The bladder panel is more complicated than ALL, and that is precisely why it is worth keeping in the tutorial set. The selected solution is larger than two clusters, and the interpretation tables show that no single explanatory factor fully accounts for every cluster. Some groups are enriched for one pathology label, some are mixed, and some show a noticeable batch preference. That means the consensus is capturing real structure, but the structure is not purely biological in the simple sense of one disease label per group.

This is an important practical lesson. In real omics work, a stable cluster is not automatically a biological subtype. The bladder example shows how uccdf helps with that distinction. The null calibration tells us the multi-cluster pattern is stronger than a column-permuted baseline, while the cross-tabulation against outcome and batch makes it possible to inspect whether the stability is driven by interpretable pathology, by technical effects, or by a combination of both.

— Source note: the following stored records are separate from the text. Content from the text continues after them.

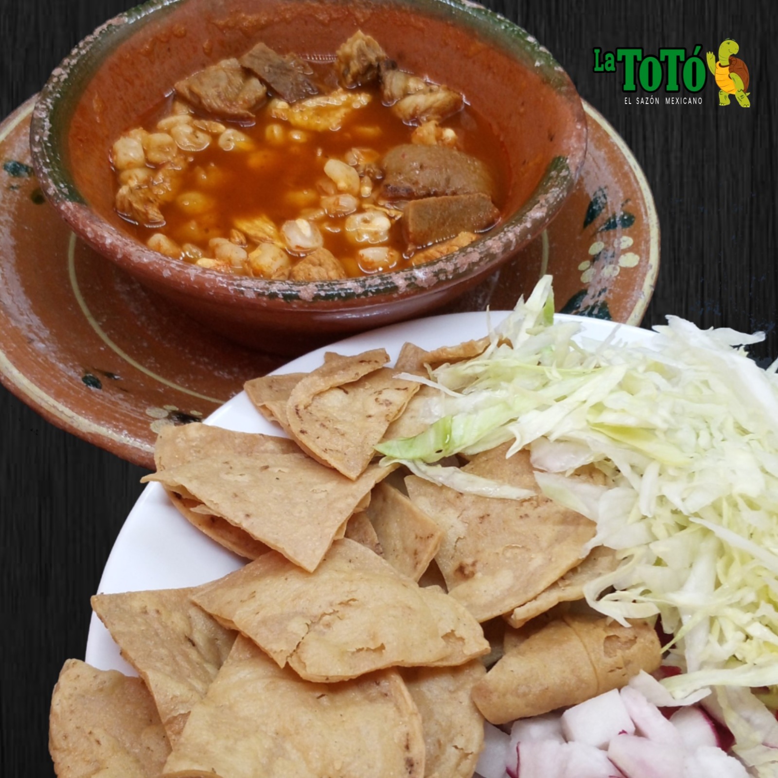 Delicioso pozole rojo. Acompañado de ensalada y totopos
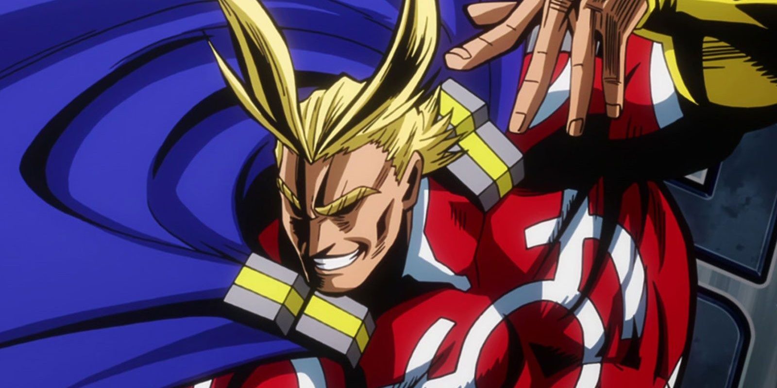 El esquema de color de su traje está arrancado directamente de la bandera americana, sus músculos abultados harían que incluso Hulk se sintiera orgulloso, y su brillante sonrisa y su fuerte mandíbula podrían mezclarse en cualquier anuncio de coches de los 50. Este hombre está de pie y orgulloso como un héroe tradicional debería, estableciendo el tono de toda la premisa de Mi Academia de Héroes con sólo una mirada.
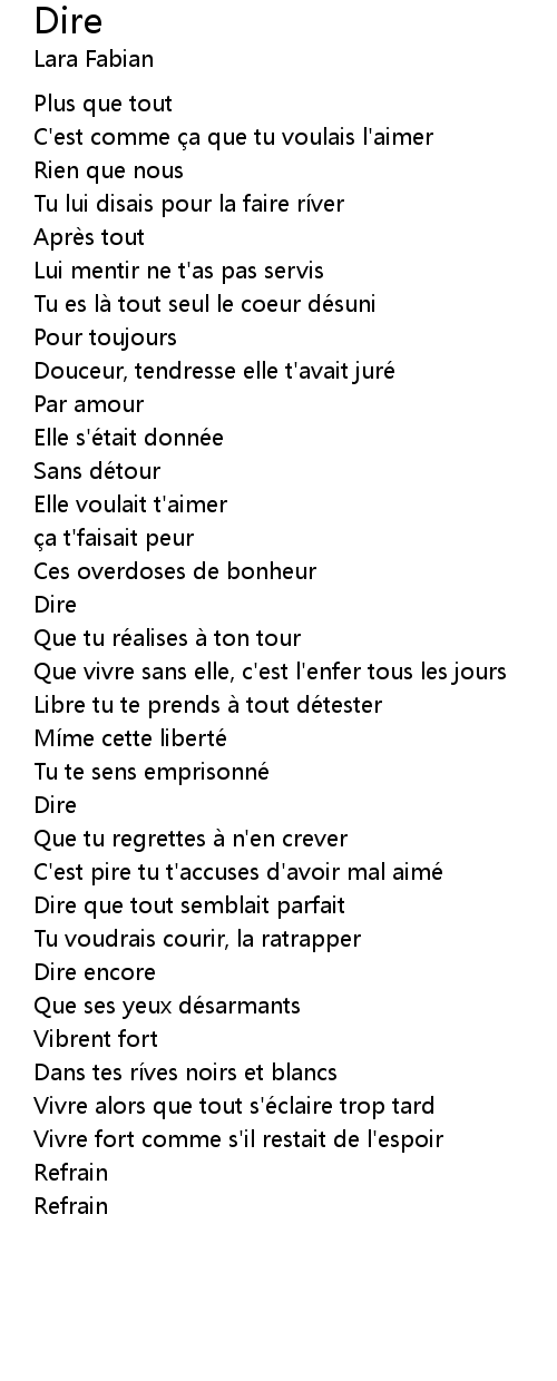 | Que vivre sans elle, c'est l'enfer tous les jours | |
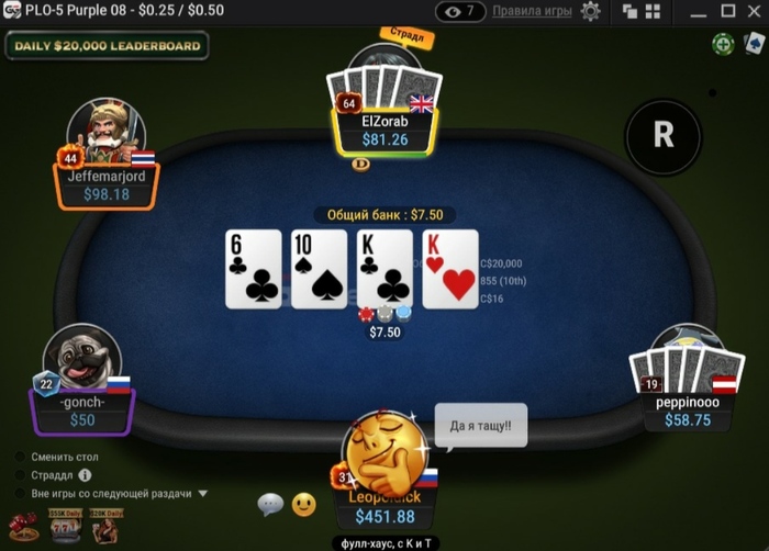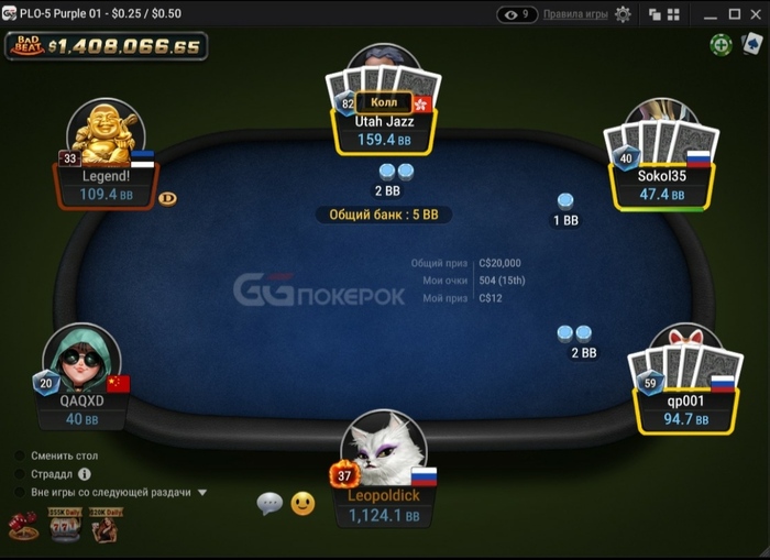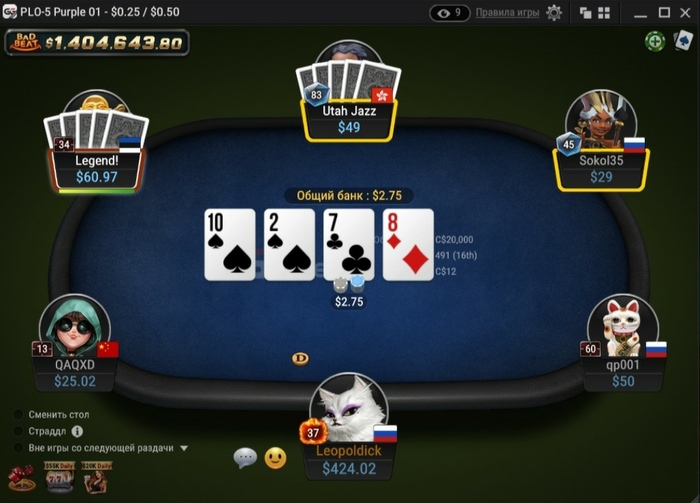 Играл я кэш Омаху5-хай PL50, с банкроллом 500$. А 500$ за столом, это на секундочку, весь мой банкролл, в какой-то момент, и 1000бб.
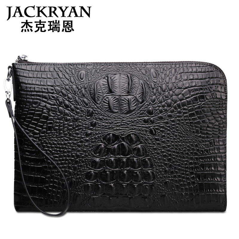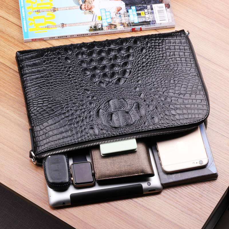 Crocodile pattern men's handbag clutch bag cowhide envelope bag clutch clip bag men's bag leather new trendy large capacity
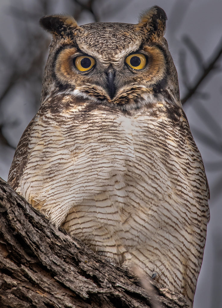 A great horned owl fights to stay awake during the middle of the morning in Montana. Perched in a winter maple tree, he had drawn the attention of a flock of crows, adversaries which, during the day and with numbers on their side, hold the upper hand. Distracted by the crows, he let me get closer than normal, and I was able to capture some of the intricate feather detail of his face and eyes.
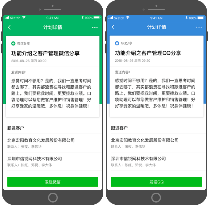 - QQ分享:员工可通过QQ分享内容跟进客户
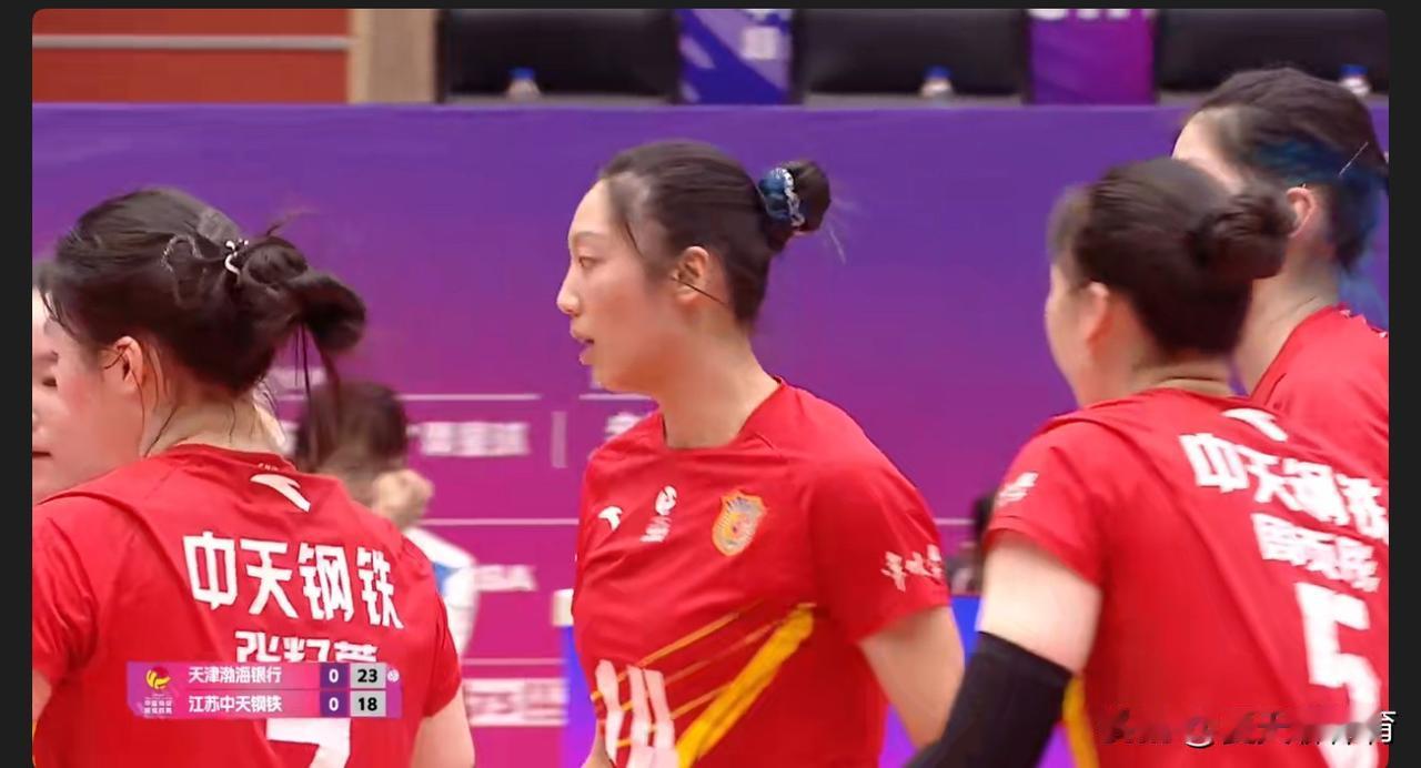 江苏女排第一局被天津女排魔鬼主场给吓到了!全队没有一个在线的,都在梦游,乱成一锅粥了,感觉被天津给做法了,一传满天飞,吴梦洁也不在线就完蛋了!天津女排打得很聪明,打打吊吊,防守也很顽强,这才是自己的特点和优势!施海荣临场应变是真的慢啊,唐欣没发挥出来,还总是失误送分!
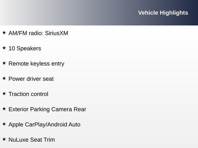 Radio: AM/FM/CD Player -inc: multimedia system w/8" color display touchscreen HD Radio 10 speaker Pioneer audio system Android Auto and Apple CarPlay integration USB audio input connections Bluetooth® hands free Bluetooth® streaming audio Connected services and Integrated SiriusXM Satellite radio receiver (complimentary 90-day trial subscription)
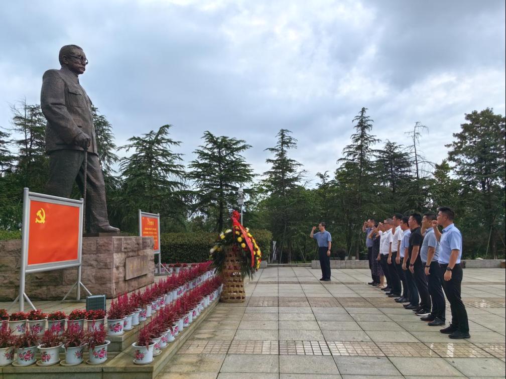 党委一行在林伯渠铜像前进行瞻仰,敬献花篮并庄重鞠躬。6月的林伯渠铜像广场翠柏环绕,庄严肃穆,贺志军书记带领全体同志深深鞠躬,向革命先贤致以崇高的敬礼,并庄严举起右手重温入党誓词,声声铿锵中是对共产党人初心使命的坚守与担当。
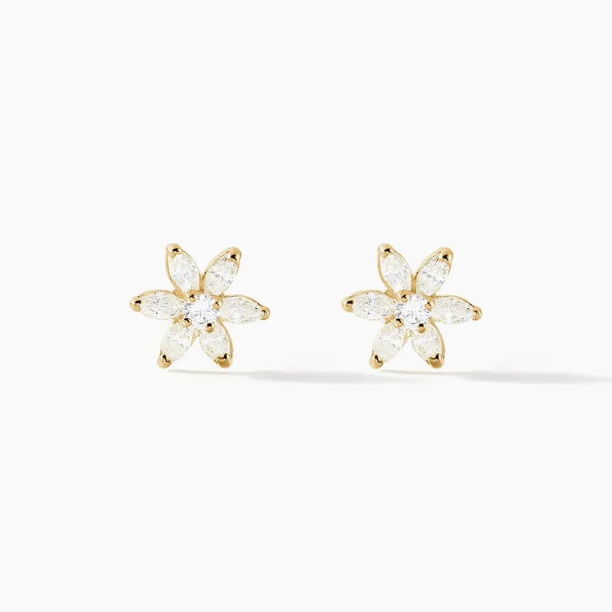 Boucles D’oreilles Or Jaune 375/1000 Fleurs Oxydes De Zirconium
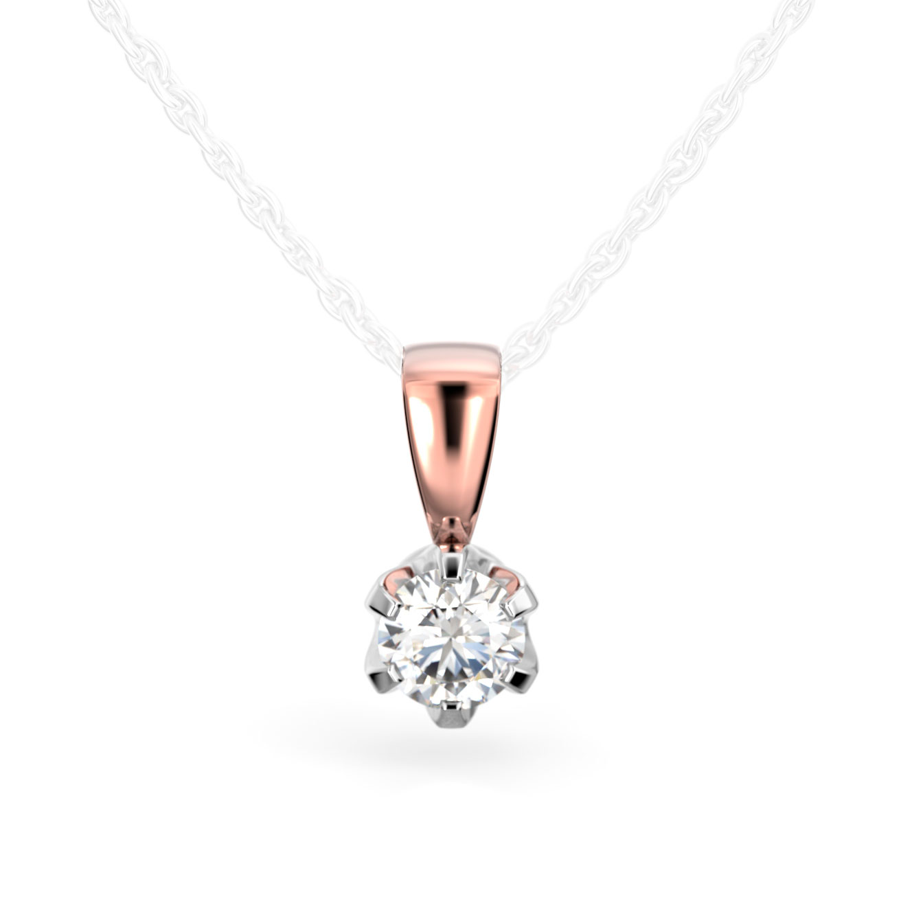 Kaunis puna- ja valkokullasta valmistettu timanttiriipus, jonka keskustassa säihkyy 0,25 karaatin painoinen timantti.
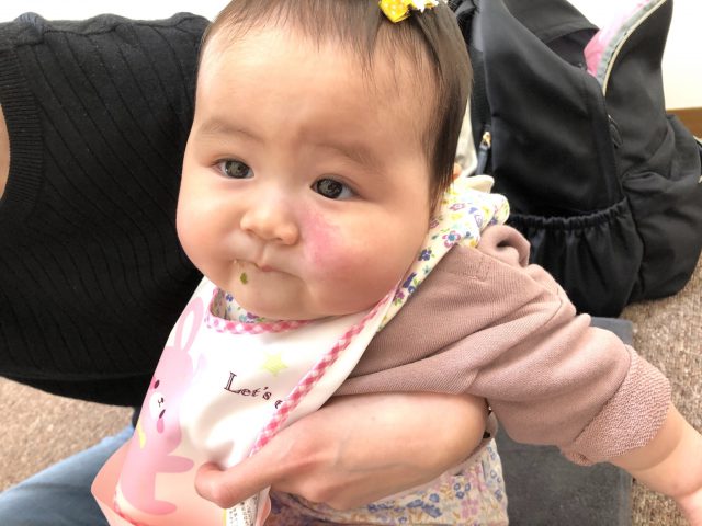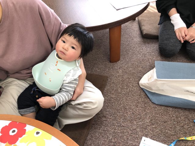 離乳食も食べたり食べなかったり・・って言うのがお悩みだったみたいだけど、他のお子ちゃまと一緒に食べてたのもあって、意外と食べられたみたい(*^^)v
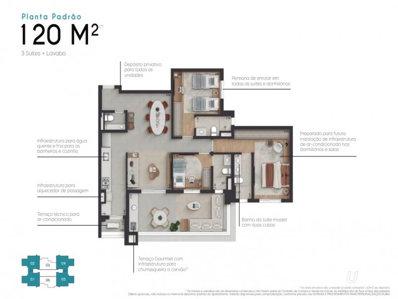 Apartamento decorado de 120 m² no Condomínio Edition por Dubai, localizado no Bela Vista, com living ampliado e integrado, proporcionando amplitude e excelente iluminação natural. Possui terraço gourmet com infraestrutura para churrasqueira a carvão, cozinha com infraestrutura para água quente e fria e aquecedor de passagem, além de terraço técnico para ar-condicionado. Na área íntima, são 2 suítes, sendo a master com duas cubas no banheiro, além de lavabo e depósito privativo, totalizando 3 banheiros. Dormitórios com persiana de enrolar e infraestrutura para ar-condicionado garantem ainda mais conforto no dia a dia.
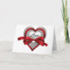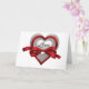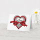 Cartão de Coração de Dia dos Namorados com Coração de Prata e Fita Vermelha de Amor
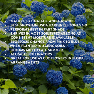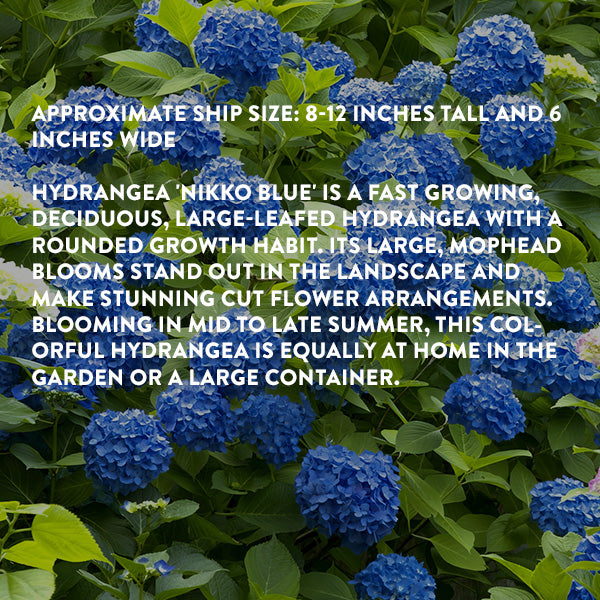 Hydrangea 'Nikko Blue' is a fast growing, deciduous, large-leafed hydrangea with a rounded growth habit. Its large, mophead blooms stand out in the landscape and make stunning cut flower arrangements. Blooming in mid to late summer, this colorful hydrangea is equally at home in the garden or a large container.
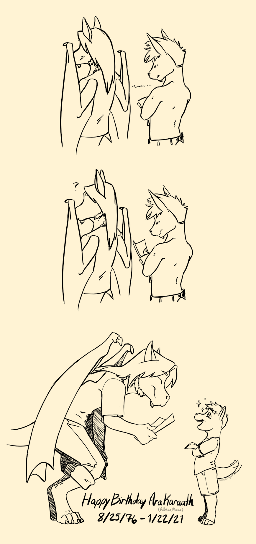 If it isn't obvious Ara was a big inspiration to me during the formative years of becoming a furry and learning how to draw furry art. I only reached out to him once. It took days of struggling to get up the courage to do so and although I can't recall exactly what was said anymore I do remember him being positive and even more friendly than I had hoped, encouraging me to draw more and draw better. I wanted to try to best capture the feeling I got with that reply :3
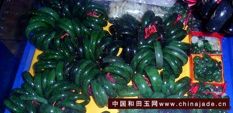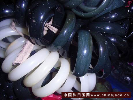 我又跑到華凌市場,希望可以淘到幾個鐲子。這里的鐲子基本都是扎堆賣通貨,講價的余地不是很大,但是“拔尖”還是很撿漏的采購方式。像圖中的這些鐲子,便宜!青海料的,猛一看都不錯,但是仔細挑選,很難挑出毛病小的。這里光線不好,在這里購物一定要自帶手電。
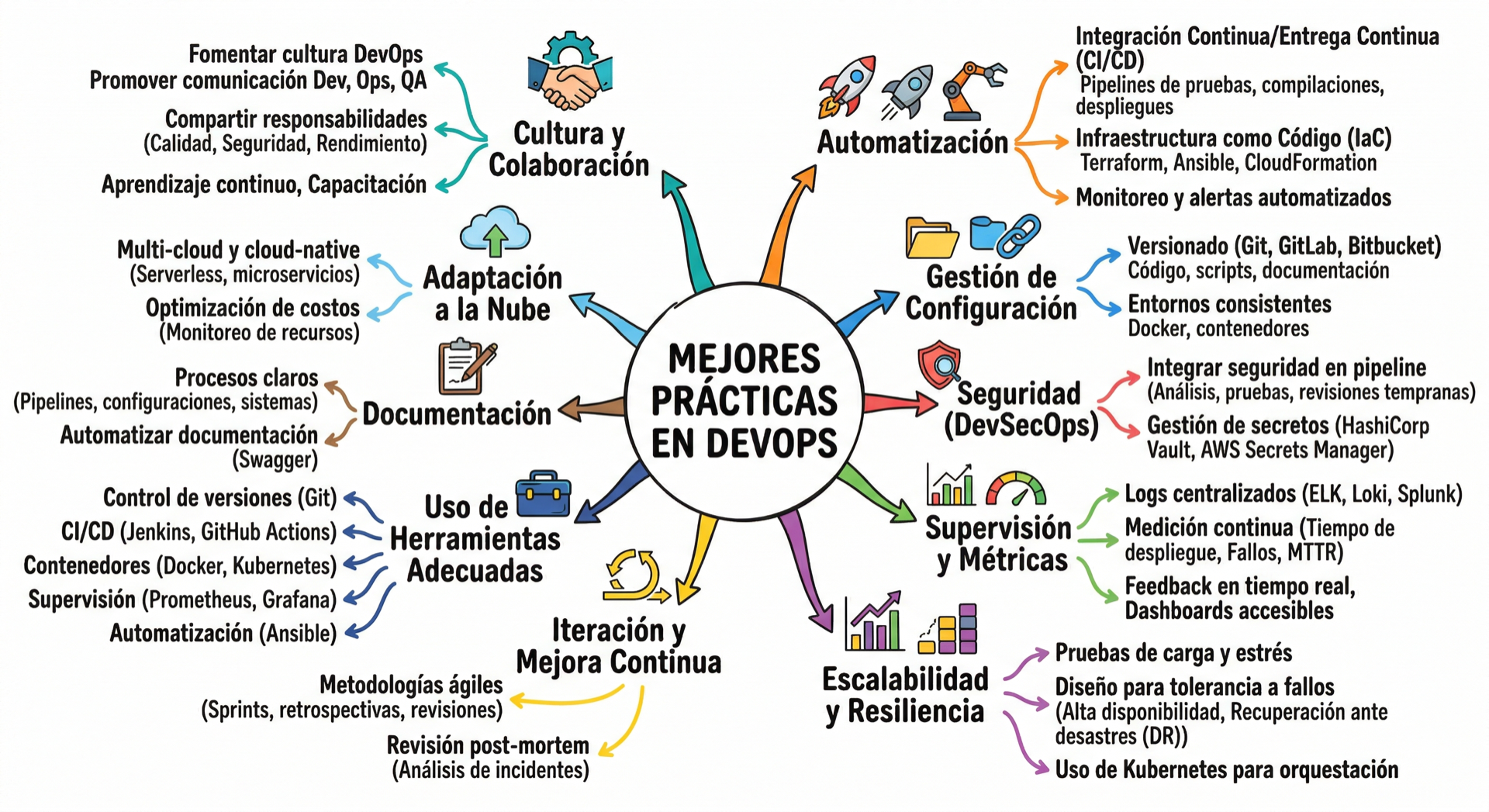 El mapa cubre 10 ejes: cultura y colaboracion, CI/CD e IaC, gestion de configuracion, DevSecOps, metricas, escalabilidad, mejora continua, herramientas, documentacion y adaptacion cloud.

The heatmap is particularly useful here. Instead of a clean two-block layout, we usually see several consensus blocks with different levels of separation. That visual pattern matches the selection output: the data support multiple groups, but the boundaries are not equally sharp across all samples.

Interpretation

For bladderEset, the selected clusters should be interpreted as stable expression-defined sample strata in a partially confounded study. Some clusters track pathology more strongly, while others appear to absorb residual batch or mixed heterogeneity. The right takeaway is therefore not “these are definitive subtypes,” but rather “these are the recurrent structures worth checking against pathology and batch before making a biological claim.”